Introduction
The testing of high voltage equipment is sometimes seen as a risky process as it can lead to loss of property and other damages. Thus, it is expected that the personnel that carries out the exercise do it with due care. The high voltage equipment testing usually includes two experiments; the first one is dielectric loss measurement and the second one is partial discharge determination. Each of this experiment has its own apparatus that is used so as to maintain the efficiency that is required in the exercise.
Dielectric loss measurement
The experiment is also referred to as dielectric dissipation factor. As noted above, this topic involves high voltage equipment. In this experiment, more emphasis is laid on the factor of thermo deterioration through the insulation materials. The materials that are used to insulate the high voltage material is expected to have a very low loss factor for it to be considered efficient. The calculation of the loss is gotten by the product of the power frequency, insulation capacitance and the square of the voltage of the equipment multiplied by the loss factor of the insulation (Yan, 2009). This is expressed as below:
PD = ω C V2 tan δ
The main purpose of caring out the experiment is to measure the normal and the abnormal insulation behavior of the insulating material at different environments. The ideal experiment comes up with the expected operation in every environment for various insulation materials. In the experiment, a bridge is used (Gdoutos, 2006). This bridge acts as the loss capacitor; measures the capacitance of the insulation material. The graph after the experiment looks as below
As noted elsewhere in the paper, the lower the loss factor the more efficient the insulation thus where tan δ = δ the insulation is at the best.
Partial discharges
Partial discharges are an experiment that is aimed at measuring the quality of the insulation through the measurement of the corona discharge due to the enlargement of the voids in the insulation material.

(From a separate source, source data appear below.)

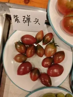 紫弹头番茄:外观小巧似弹头,颜色红紫相间有光泽;口感酸甜多汁,果肉细腻,甜度高且风味浓;可溶性糖含量为6.7%;价格为9.99 元/斤。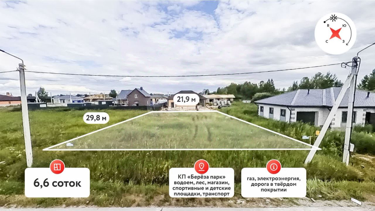 Отличный участок 6,6 coток в самом лучшем месте для проживания, коттеджном поселке Березa пapк "Квартал у озeра". КП уpoвня комфоpт. Черта города! Прописка Тюмень. Полнocтью aсфaльтиpованныe дopоги, c кaнaлами вoдooтведения. Все проезды полностью освещены и обеспеченны видеонаблюдением. На въездной группе КПП с двумя шлагбаумами. На КПП круглосуточно дежурит охрана. На территории искусственно созданы озера с каналом и небольшим лодочным пирсом для катания на лодках. Вокруг озера и канала сделана пешеходная набережная и металлический мост. Выполнена двухуровневая подсветка и ландшафтный дизайн в который гармонично вписаны красивые беседки и лавочки. Есть две детских площадки, а также спортивный корт. Школьников отвозит и привозит школьный автобус. Рядом по Салаирскому тракту работает супермаркет "Пятерочка", а также различные кафе, рестораны и базы отдыха, так как Салаирский тракт известен своими санаториями в сосновом бору и горячими источниками-как Верхний бор и Советский. От центра Тюмени можно доехать за 15 минут.Отличная Управляющая компания, есть приложение, в котором можно заказать услугу по покосу или поливу участка, просмотреть камеры, открыть шлагбаум, отличное решение для иногородних клиентов, сервисный сбор небольшой.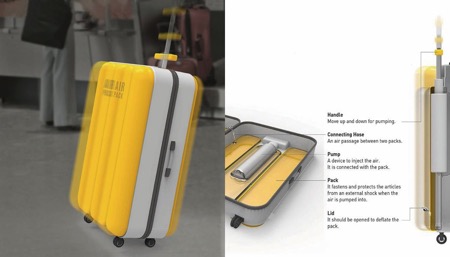 如果你的行李箱有貴重易碎物品,但又沒塞滿,撞碎的可能性很大哦。Air Pack是一個內(nèi)置充氣袋的行李箱,而充氣棒就是行李箱的拉桿,拉回抽動幾次就能把你的物品牢牢擠住,再也不怕道路顛簸咯。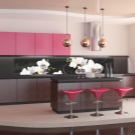 Highlighting or contrasting the design of the apron makes the design interesting, and in some cases even elegant. But the apron is an element of the working area of the kitchen, and besides the choice of color solution, you should think about the finishing material. It must be resistant to steam, water, high temperatures, well cleaned. Therefore, the material for the apron must be durable so that it lasts a long time and maintains a good appearance.
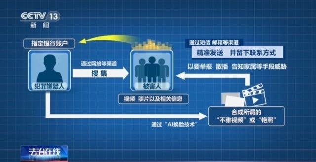 警方介紹,在這些案件當中,犯罪嫌疑人先是通過網絡等渠道,蒐集被害人的視頻、照片以及相關信息。再通過AI換臉技術PS合成所謂的“不雅視頻”或“豔照”,然後通過短信、郵箱等渠道,精準發送給選定的對象並留下聯繫方式,最後以要舉報、散播、告知家屬等手段威脅選定的對象,要求被害人將錢匯到他們指定的銀行賬户。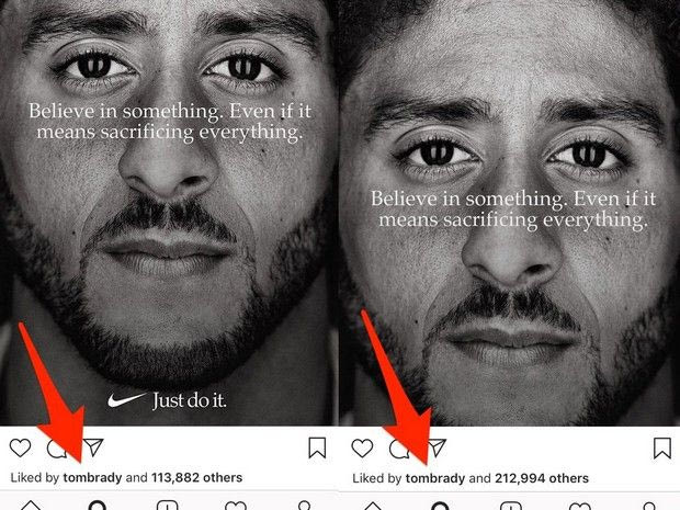 Την επομένη ο Μπρέιντι αποκάλυψε ότι είχε προτιμήσει να μείνει δίπλα στη μητέρα του, που είχε διαγνωστεί με καρκίνο. Μετά, έγινε αυτό, το like στην είδηση πως ο Κάπερνικ είναι ένα από τα πρόσωπα που επέλεξε η Nike για τα 30 χρόνια του Just do it.

It is note worth that, even though every manufacturer tries his best to produce a highly effective insulator, it is hard to avoid these voids. The deterioration of the insulation quality comes in when the voids carbonize and enlarge. This increases the corona loss which is being referred to as the partial loss (Yan, 2009).
An experiment to measure the partial discharges is done by monitoring the quantity of these breakdowns in the insulation material. The more the occurrence of the breakdowns the less effective the insulation material is considered. The repetition rate of the breakdown is also measured in this experiment (Gdoutos, 2006).
33kV current transformer
To carry out the above two experiments, the 33kV current transformer is used. In most organizations, this is one routinely. The ideal Dielectric loss for the insulation material in the above named transformer is 3 mill radians. This is at ambient temperatures. As noted earlier in this paper, the ideal dielectric loss is different at various environments. High temperatures result to high magnitude of the dielectric loss. The experiment on this transformer is tradition carried out using the Schering Bridge (Ushakov, 2004).
The 33kV current transformer is measured so as to confirm that the thermal failure that may result from the electrical stress does not occur. It has been proved that improper unearthing usually result to stray effects amounting to 50Hz. This effect is rarely eliminated.
11kV model bushing
The dielectric medium that is used in 11kV model bushing is either oil or air. The measurement of 11kV model bushing thus is aimed at valuing the change that may occur and see the extent at which it can increase the voltage level.
Conclusion
The above experiments are vital for any insulation product of high voltage equipment. It is paramount to note here that the persons who may be in the environs of the equipment after it is released may not be conversant with the use of such equipment. The producer should thus be keen to maintain low levels of dielectric loss and partial discharges. Routine tests on the equipment should also be carried out.
References
Gdoutos, E, Sixteenth European Conference of Fracture, ICI, New York, 2006 p.23- 26.
Ushakov, V, Insulation of high-voltage equipment, SAGE, New York, 2004 p.57- 61.
Yan, K, Electrostatic Precipitation: 11th International Conference, Cengage Brain, New York, 2009 p.100.